The dirt in our garden is amazing: black, moist, deep. The old 1800s-era Jessaman homesite is nearby – in fact, our garden borders the old cellar hole and wraps around the now-filled-in well hole. We imagine that where we now grow our sustenance, the Jessaman’s, too, raised their crops, or perhaps their animals. It’s the best explanation we have for this extraordinary pocket of fertile soil.
This spring, I’ve expanded the garden by a few additional beds with the goal of growing more potatoes. The chosen area served as the “landing zone” for our cabin construction last year, and has spent recent seasons covered with brambles, wild strawberry, and virgin’s bower. Despite this, the weeding was fairly easy, a testament to the dirt beneath.
I graciously accepted this good fortune. Garden fork in hand, and bucket of weeds by my side, I was pleased to be running my fingers through dirt – and no bugs yet to buzz about my head! With a steady breeze and clouds racing overhead, it was with much contentment that my fingers searched out the roots that my eyes couldn’t see. The weeds seemed to give way willingly to this new growing space. Potatoes will do well here with ample depth to plunge their tubers. I’m hopeful – this will be an important winter crop.
As I go along, I pull out pebbles occasionally, but only one large stone. Time and time again, however, my hands pry free the remnants of bricks. As late afternoon turns to early evening and my work for the day is nearing completion, a collection of the ruddy-colored artifacts is stacked to one side. The sight of them calls up something nostalgic in me, broken bits suggesting a history that is largely lost.
As I methodically weed my way to an additional garden bed, my hands are engaged in the work of the present while my mind flits over designs and dreams for the future. Imagining plans for the season, the year, the decade…my hands grasp another brick, and re-focus my thoughts from the future to the present, and from the present to the past. Which dreams were these bricks a part of? How were they buried in this rich, dark dirt, the legacy of an unknown history from which we now benefit?
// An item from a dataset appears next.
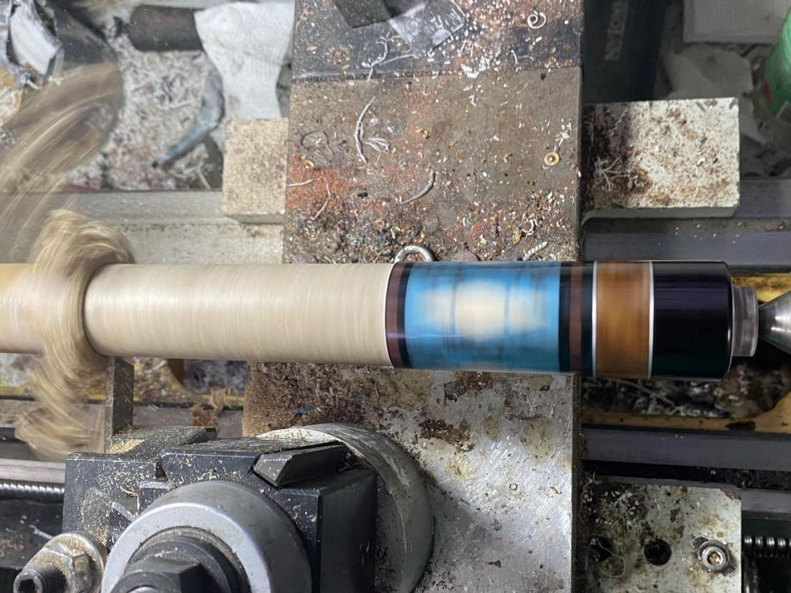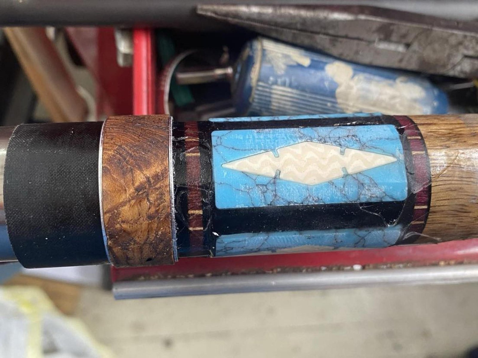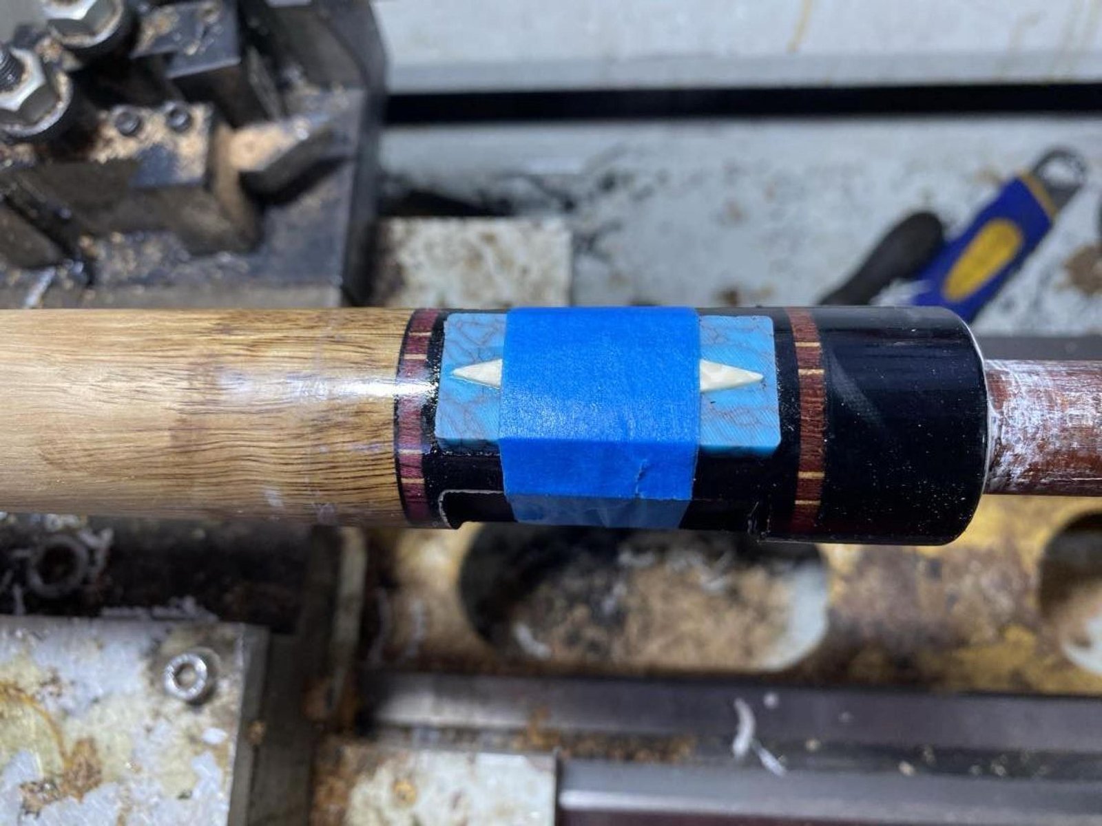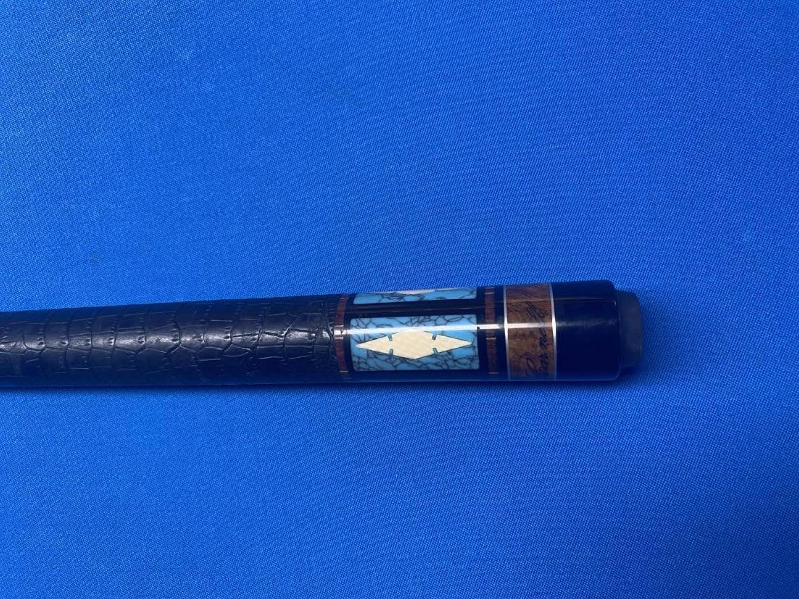 Handle is Jarrah and butt sleeve is Ebony with windows and inlays.

The reality of time’s passage is easy to witness with a glance about me – the old cellar beginning to fall in, the overgrown well filled with rocks, the wall of the old saw mill balancing delicately along the river bank, the scars from a logging operation prior to our moving onto the land, the clearing where we once lived in the yurt. As my fingers stumble upon another brick, I see Ryan and I in a chain of history, of dreams, of sweat – and perhaps, of potatoes – unfolding within this nook of a landscape.